NVIDIA DIGITS with Caffe – Performance on Pascal multi-GPU

Machine Learning and AI is in my opinion the most exciting area of computing right now. The combination of plentiful large data sets and extraordinary compute capability made possible with GPU acceleration has facilitated an explosion in machine inference through data analysis that was computationally intractable just a few years ago.

We put a couple of systems under (heavy) load doing image classification with NVIDIA DIGITS using Caffe to see how the GTX 1070 and Titan X Pascal perform in single and multi-GPU configurations. The overall performance was great! The multi-GPU scaling was not as good as hoped but it was still a significant benefit for jobs that may run for 10’s of hours!

We used two nice base system configurations for this testing and liked them enough to

The testing done in this post motivated the creation of recommended systems for DIGITS/Caffe.

DIGITS

NVIDIA DIGITS — Deep Learning GPU Training System. This includes NVIDIA’s optimized version of Berkeley Vision and Learning Center’s Caffe deep learning framework and experimental support for the Torch Lua framework. It bundles NVIDIA tools for deep learning including cuDNN, cuBLAS, cuSPARCE, NCCL, and of course the CUDA tool kit. There are tools for manipulating data sets and neural network configuration files for LeNet-5, AlexNet and LeGoogleNet included. The web interface provides graphical tools for setting up training and test datasets, selection and configuration of training models, job control with visualization and tools for testing trained models. NVIDIA is actively developing this software stack and it has become a very usable and convenient interface.

Hardware Configurations

In general …

When someone asks me “what hardware do you recommend for doing xxxx?” the answer is almost always “it depends”. ( I’m thinking about cases where xxxx has GPU compute support )

It depends on …

  • What software are you using specifically, including libraries, versions, etc..?
  • Does it have good GPU acceleration and multi-GPU support?
  • Is it performance bound by CPU, GPU, memory, disk I/O, …?
  • Are your jobs large/complex enough to take advantage of high performance hardware?
  • Is time to solution more important than budget?!

There are some hardware recommendation generalizations you can make.

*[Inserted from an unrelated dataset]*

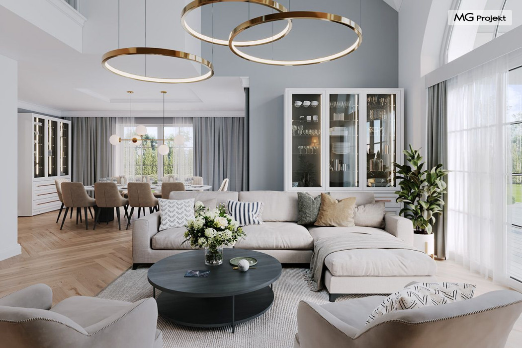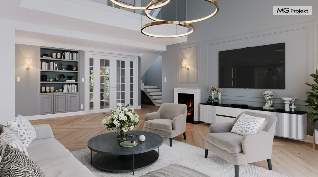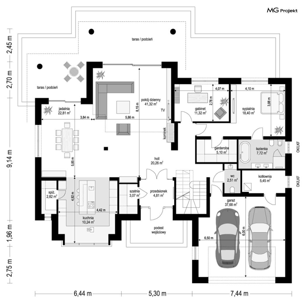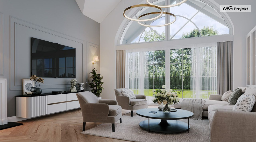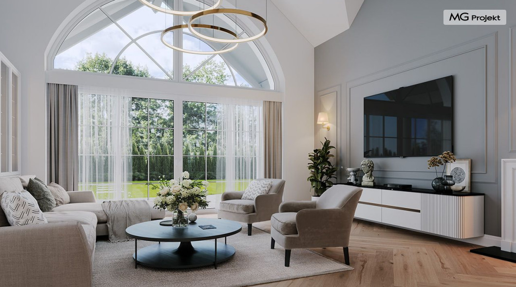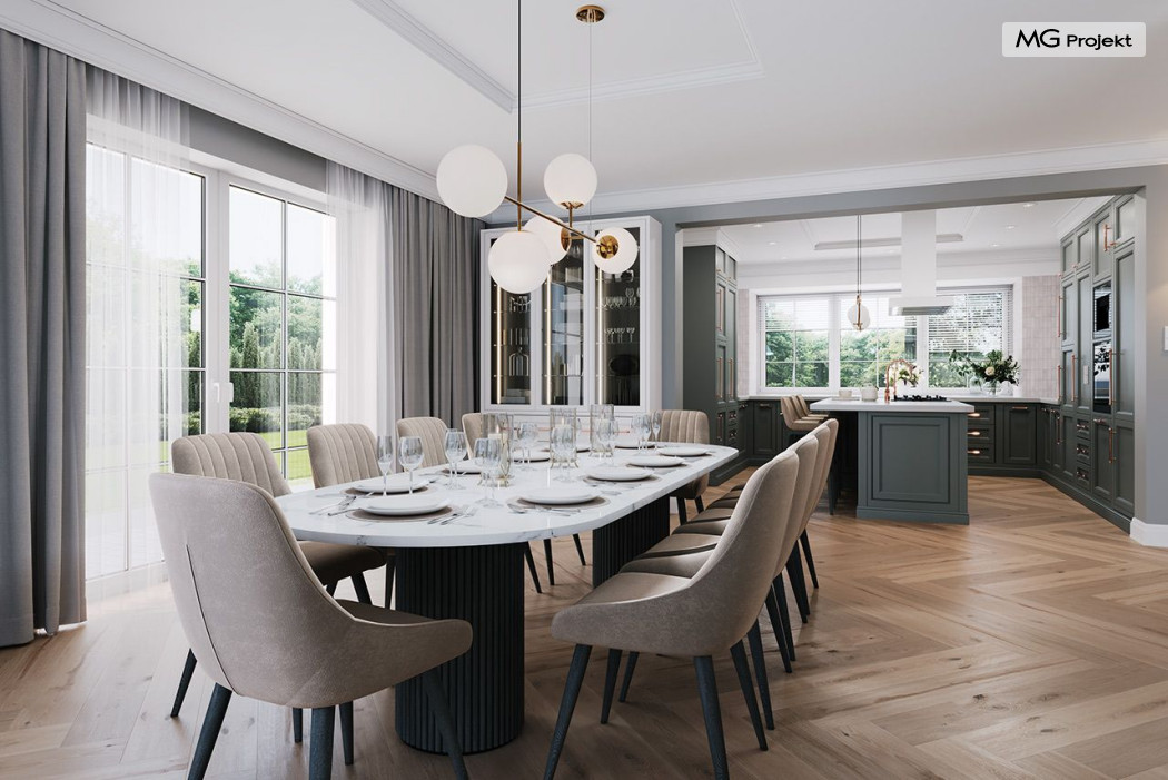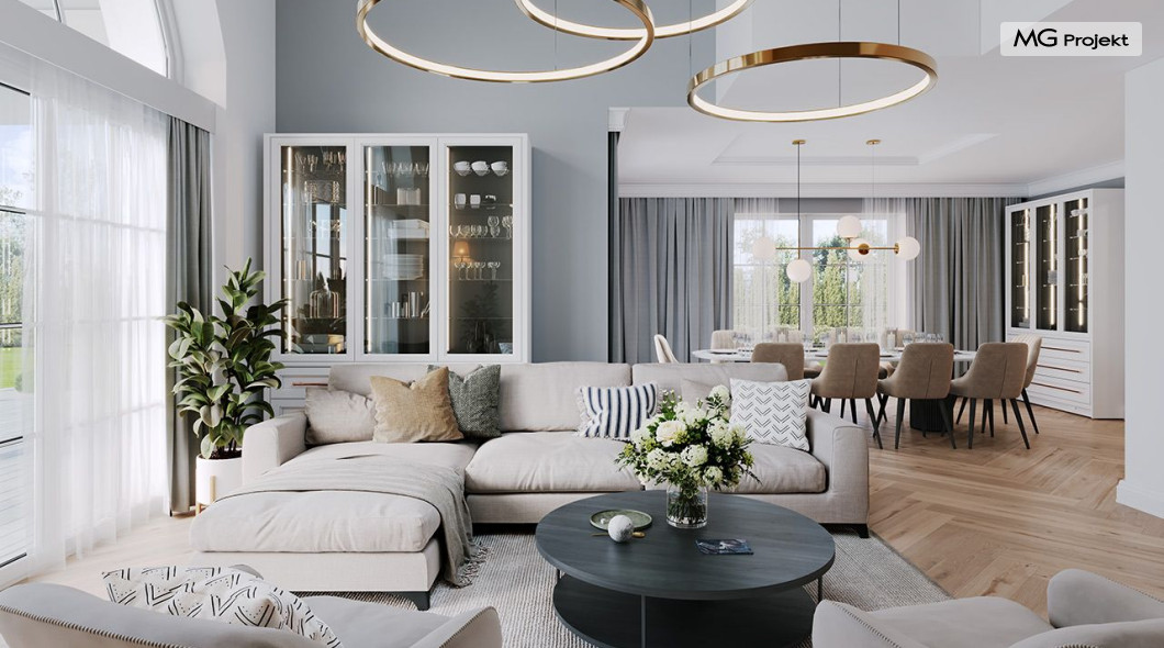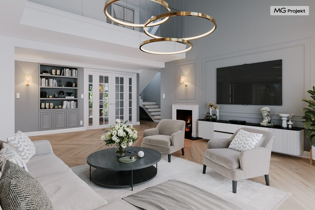 Projekt domu Willa Parkowa 9 jest kolejną wersją projektu z cieszącej się uznaniem serii domów : „Willa Parkowa”. Projekt domu jednorodzinnego, parterowego z poddaszem użytkowym, przeznaczonego dla rodziny 4-5cioosobowej, będącego połączeniem funkcjonalnej nowoczesnej willi, z klasyczną dworkowo-rezydencyjną stylistyką. Dom zaprojektowano na planie prostokąta, z dobudowaną częścią garażową, oraz wykuszami kuchni i salonu. Budynek łączy w sobie detale charakterystyczne dla serii projektów „Parkowa”, ale jednocześnie jest zaprojektowany zupełnie od nowa, z inną zasadą kształtowania wnętrza i zewnętrznych fasad. Bryła budynku jest tutaj bardziej zwarta, węższa a zarazem głębsza, podwyższony dach o kącie 38 stopni mieści w sobie pełne poddasze użytkowe, część wejściowa, wkomponowana między zadaszenie garażu i dach nad kuchnią ma zmienioną – bardziej reprezentacyjną formę, z podwyższonym naświetlem nad drzwiami wejściowymi. Część wejściowa wygląda jeszcze bardziej atrakcyjnie w stosunku do tradycyjnego portalu w projektach „Parkowych” i przypomina swoim wyglądem wzory eleganckich portyków wejściowych amerykańskich rezydencji. Od strony ogrodowej tradycyjnie dla tej serii projektów dominuje wielkie okno salonu z łukowym naświetlem, skryte w dekoracyjnym zadaszeniu nad tarasem. Zadaszenie przesunięte jest bardziej na środek elewacji. Całość bryły domu wieńczy masywny wielospadowy dach przykryty dachówką ceramiczną. Wnętrze „Willi Parkowej 9” podzielono w następujący sposób: parter to cześć dzienna, oddzielny apartament master z dodatkowym pokojem do pracy, oraz garaż z pomieszczeniem technicznym. Poddasze to sypialnie dziecięce z łazienkami i przestrzeń strychowa nad garażem. Do domu wchodzimy przez piękną podwyższoną sień z naświetlami, do holu i następnie części dziennej, składającej się z salonu wypoczynkowego, jadalni, oraz częściowo otwartej kuchni. W salonie dominującymi elementami są duże przeszklenie otwierające pokój dzienny na taras i ogród, oraz otwarcie sufitu na dach i antresolę na poddaszu. Po drugiej stronie domu znajdują się wygodne schody na poddasze, przejście do garażu i kotłowni, a także oddzielna część rodziców z sypialnią master, własną łazienką, garderobą, wyjściem na taras ogrodowy i dodatkowym pokojem – gabinetem. Na poddaszu mieszczą się dwie duże sypialnie dziecięce, dwie łazienki i dodatkowe pomieszczenie nad garażem - strych /magazyn, który w łatwy sposób może być przystosowany jako dodatkowy pokój. Wnętrze domu zaprojektowano w taki sposób aby łatwo można je było przystosować na przestrzeni lat do funkcjonowania rodziny - od małych dzieci, przez dzieci większe -nastoletnie, przez prawie dorosłe, aż do momentu gdy gospodarze zostają sami na swoich „włościach”. „Willa Parkowa 9” została zaprojektowana jako dom energooszczędny, z dobrej jakości materiałów, z dobrą izolacją termiczną i z nowoczesnymi instalacjami. Budynek mimo rozbudowanej bryły wykonano w tradycyjnej technologii, z rozwiązaniami spotykanymi na każdej budowie. Budowa domu nie powinna być problemem dla fachowego wykonawcy. Willa Parkowa 9 to doskonała propozycja dla Inwestorów planujących budowę wygodnego domu o klasycznej architekturze, dającego przestrzeń do komfortowego życia, marzących o realizacji nietuzinkowego projektu o ponadczasowej stylistyce. Zapraszamy do obejrzenia wszystkich projektów domów z serii Willa Parkowa: https://www.mgprojekt.com.pl/willa-parkowa, https://www.mgprojekt.com.pl/willa-parkowa-2, https://www.mgprojekt.com.pl/willa-parkowa-3, https://www.mgprojekt.com.pl/willa-parkowa-4, https://www.mgprojekt.com.pl/willa-parkowa-5, https://www.mgprojekt.com.pl/willa-parkowa-6, https://www.mgprojekt.com.pl/willa-parkowa-6-d, https://www.mgprojekt.com.pl/willa-parkowa-7, https://www.mgprojekt.com.pl/willa-parkowa-8-a, https://www.mgprojekt.com.pl/willa-parkowa-8-b, https://www.mgprojekt.com.pl/willa-parkowa-9, https://www.mgprojekt.com.pl/willa-parkowa-10, https://www.mgprojekt.com.pl/willa-parkowa-b, https://www.mgprojekt.com.pl/willa-parkowa-c, https://www.mgprojekt.com.pl/willa-parkowa-d.

For software and problems that will spend most of their run-time on the GPU and that have a fair amount of data movement from CPU/disk space to GPU memory the following are generally good recommendations;

  • Use a single CPU
    • Why? CPU’s have memory and PCIe lanes “attached” to them. More than 1 CPU socket means you can have a situation where a GPU needs data that is associated with the system memory on a CPU that is not controlling it’s PCIe lanes. Think about the path of that memory access … it can really slow things down for some applications!
  • Have twice as many (or more) CPU cores as you do GPU’s
    • Why? Multi-GPU jobs will usually have a “support” CPU-core for each GPU and you may have extra CPU load like other I/O operations and compute going on a the same time.
  • Have twice as much system memory as you do total GPU memory
    • Why? It’s good to have enough memory to allow for full GPU memory pinning back to CPU space. And, extra memory will get used for I/O buffer cache.
  • Have your GPU’s on full X16 PCIe slots
    • Why? That’s probably obvious. GPU are so fast these days that I/O often becomes a bottleneck. X16 is better than X8!
  • Use SSD’s for storage
    • Why? Again, hopefully that is obvious. You can get affordable > 1TB SSD’s these days. You don’t want to be held up by platter drive latency and bandwidth!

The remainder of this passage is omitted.